Python-Ransomware, Eduware

(шифровальщик-вымогатель, обучатель) (первоисточник)
Translation into English

Этот крипто-вымогатель шифрует данные пользователей с помощью AES+RSA, а затем требует выкуп в # BTC, чтобы вернуть файлы. Оригинальное название в исходниках: Python-Ransomware. На файле написано: Document.exe.
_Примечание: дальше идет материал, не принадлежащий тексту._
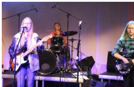
The Stars of '99

The evening raised a tremendous £900 - many thanks to all who supported it.
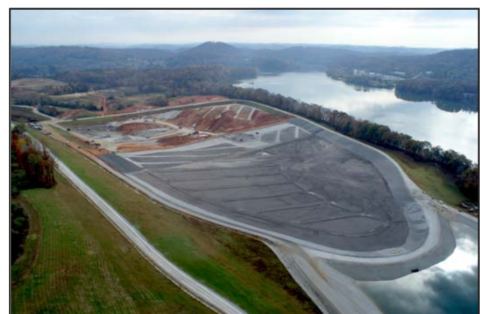
This aerial view shows the progress made on the lined gypsum pond at the Kingston Fossil Plant.

If you have questions or comments for our Community Relations staff, please contact us at (865) 717-1635, or email us at kingstoncomm@tva.gov .
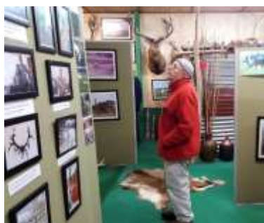
DEER STORY MUSEUM OUTING, MANAKAU, 17 JULY 2019.
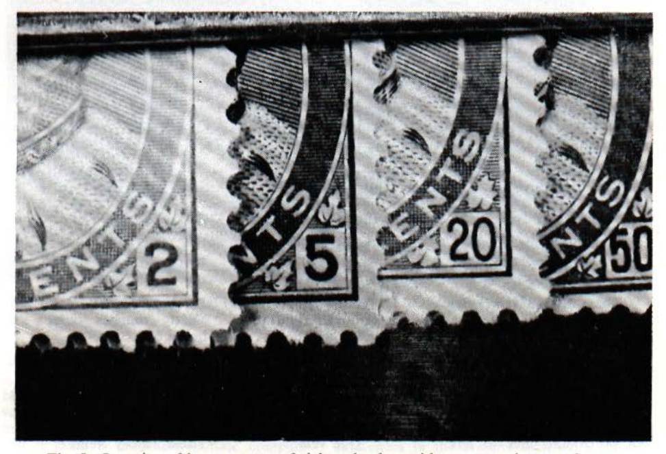
Fig. 5—Location of leaves on top of right value box with respect to inner and outer vertical frame lines. Veins in leaves. Width of value boxes.
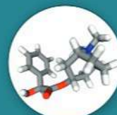
Intermediates &amp; Impurities
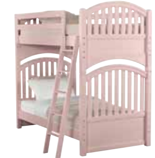
225-7310 ALL SEASONS BUNK BED, TWIN Overall: 42 3/8W 72 1/2H 81 1/4L (108 x 184 x 206 cm)
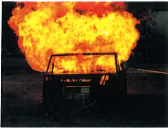
fully involved car fire
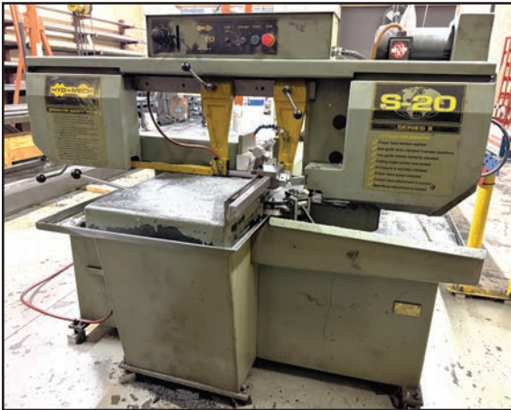
HYD-MECH S-20 HORIZONTAL BANDSAW
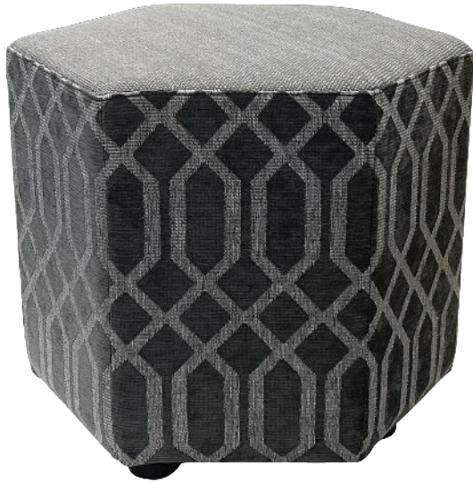
Hex Ottoman 350 in Sarasota Iron & Bolt Aluminium

Available in two sizes, which can be combined to create interesting configurations, or used individually. Constructed from high density foam with a timber base.
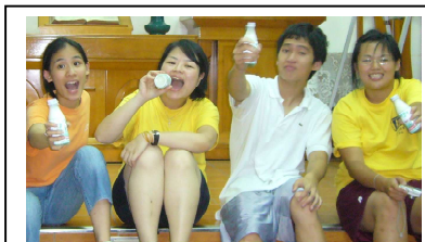
My teammates and I in Xiushui, 2008
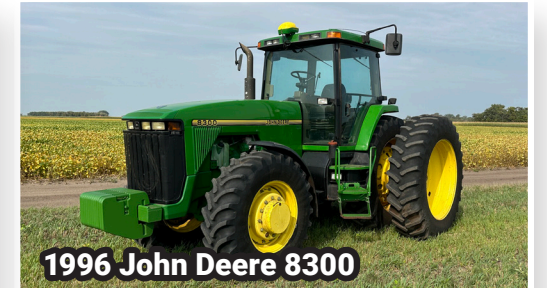
1996 John Deere 8300
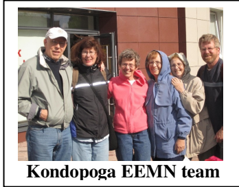
Kondopoga EEMN team

Theme Verse: May the God of hope fill you with all joy and peace as you trust in him, so that you may overflow with hope by the power of the Holy Spirit (Romans 15:13)
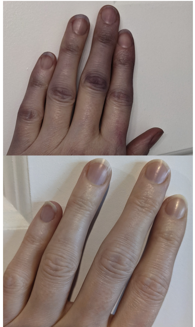
Figure 5. Patient 2—Bilateral acrocyanosis of the hands, from the proximal interphalangeal joint extending to the fingertips, of 9 months (top) after onset of symptoms and after resolution (bottom).
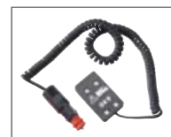
Charger for your car
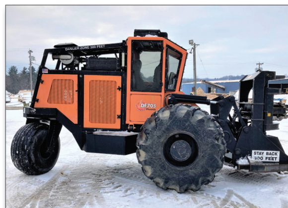
Consignment Unit – 2019 Delfab with 18' hot saw and Seppi MT175 Head 649 hours
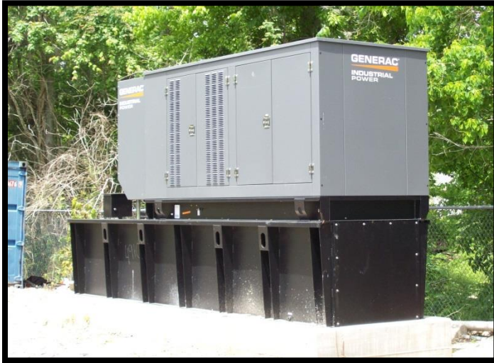
$209K – 4 Pump Station Generators
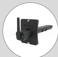
DAIKIN ONE HOME AIR MONITOR
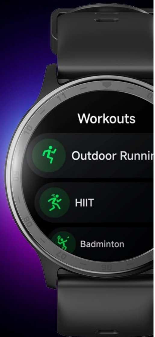
Image: The smartwatch displaying detailed workout metrics for enhanced precision.

Measure your performance with unmatched accuracy in every workout.
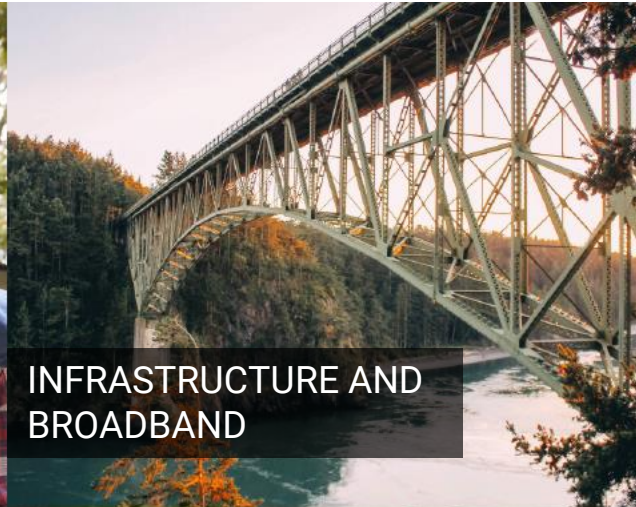
INFRASTRUCTURE AND BROADBAND
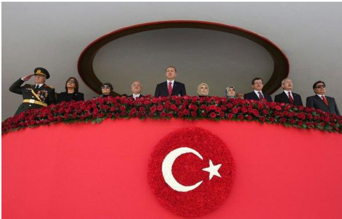
President Recep Tayyip Erdogan, center, at a Republic Day ceremony on Wednesday at the Ataturk Cultural Center.

Some might object that Babylon (the lion) is not Arabia but Iraq. But a closer look at prophetic Babylon of the end days, the Bible has no mention of any of the ancient provinces of Babel, Sumer, Accad, Erech, Calneh but “Kedar,” “Dumah” which are in Arabia and then mentions literally “Arabia” (see Isaiah 21, Jeremiah 49).
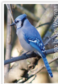
▲ Blue Jays live at forest edges

Blue Jays are birds of the forest edges, often seen near oak trees in forests, woodlots, towns, cities and parks. A Blue Jay nest is a bulky open cup made of twigs, grass, bark strips and moss; it is often held together with mud. The nest is lined with other fine materials and frequently decorated with paper. Nests are usually found in the V-shaped branch connections of trees, usually 8–30 feet above the ground.

Написан на языке программирования Python.
---
Обнаружения:
DrWeb -> Python.Encoder.39
ALYac -> Trojan.Ransom.Filecoder
Avira (no cloud) -> TR/Ransom.jwcpb
BitDefender -> Gen:Variant.Bulz.566574
ESET-NOD32 -> Python/Filecoder.DP
Kaspersky -> Trojan-Ransom.Win64.Agent.dmc
Malwarebytes -> Ransom.FileCryptor
Microsoft -> Trojan:Win32/Sabsik.FL.B!ml
Symantec -> Ransom.Wannacry
TrendMicro -> TROJ_FRS.VSNTH221
---

© Генеалогия: другие Python-вымогатели >> Cyrat Python > GetYourFilesBack (Python-Ransomware) 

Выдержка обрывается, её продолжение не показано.